→ WHAT THE EXERCISE ASKS: Print word for word whatever lies between the first line of the material and the line holding "25日晚,第二届西藏文化艺术", both included, and omit all pictures.

→ INFORMATION PROVIDED:
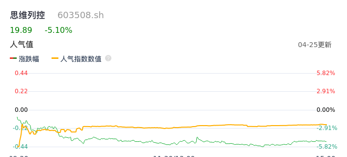 04月25日,思维列控收报19.89,股价涨幅-5.10%,成交金额2.28亿元,换手率2.98%。
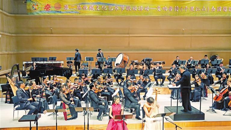 25日晚,第二届西藏文化艺术节联动活动——交响音诗《千里江山》在西藏大剧院小剧场奏响。
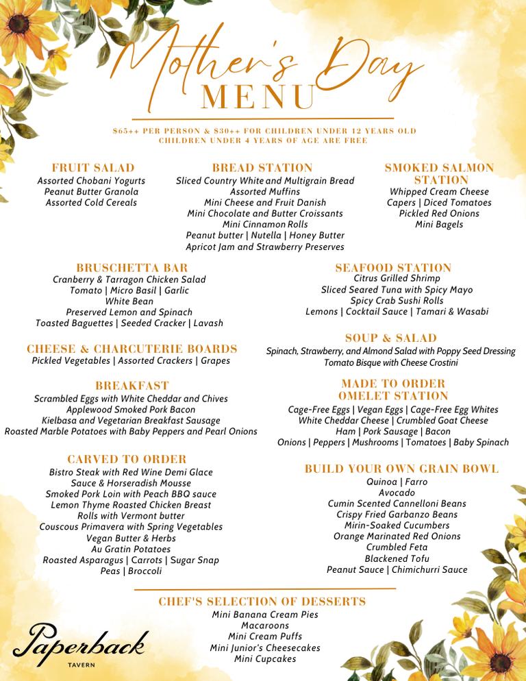 Celebrate Mother's Day with a buffet brunch on Sunday, May 12. Paperback Tavern's special brunch will feature a carving station, chef prepared omelets station, and more brunch favorites. Reservations are required and can be made on Resy.com or by emailing marielle.boucher@hyatt.com. The cost is $65+ for adults and $30+ for kids. There is no charge for children ages 4 and under. Parties of eight or more should email marielle.boucher@hyatt.com for more information. Parking is complimentary for buffet guests, and guests should ask their server for a parking pass. Cancellations made before May 9 will not be charged, after which there is a cancellation fee of $25 per person. Reservations not honored the day of are responsible for the full charge.

→ WRITTEN ANSWER:
 04月25日,思维列控收报19.89,股价涨幅-5.10%,成交金额2.28亿元,换手率2.98%。
 25日晚,第二届西藏文化艺术节联动活动——交响音诗《千里江山》在西藏大剧院小剧场奏响。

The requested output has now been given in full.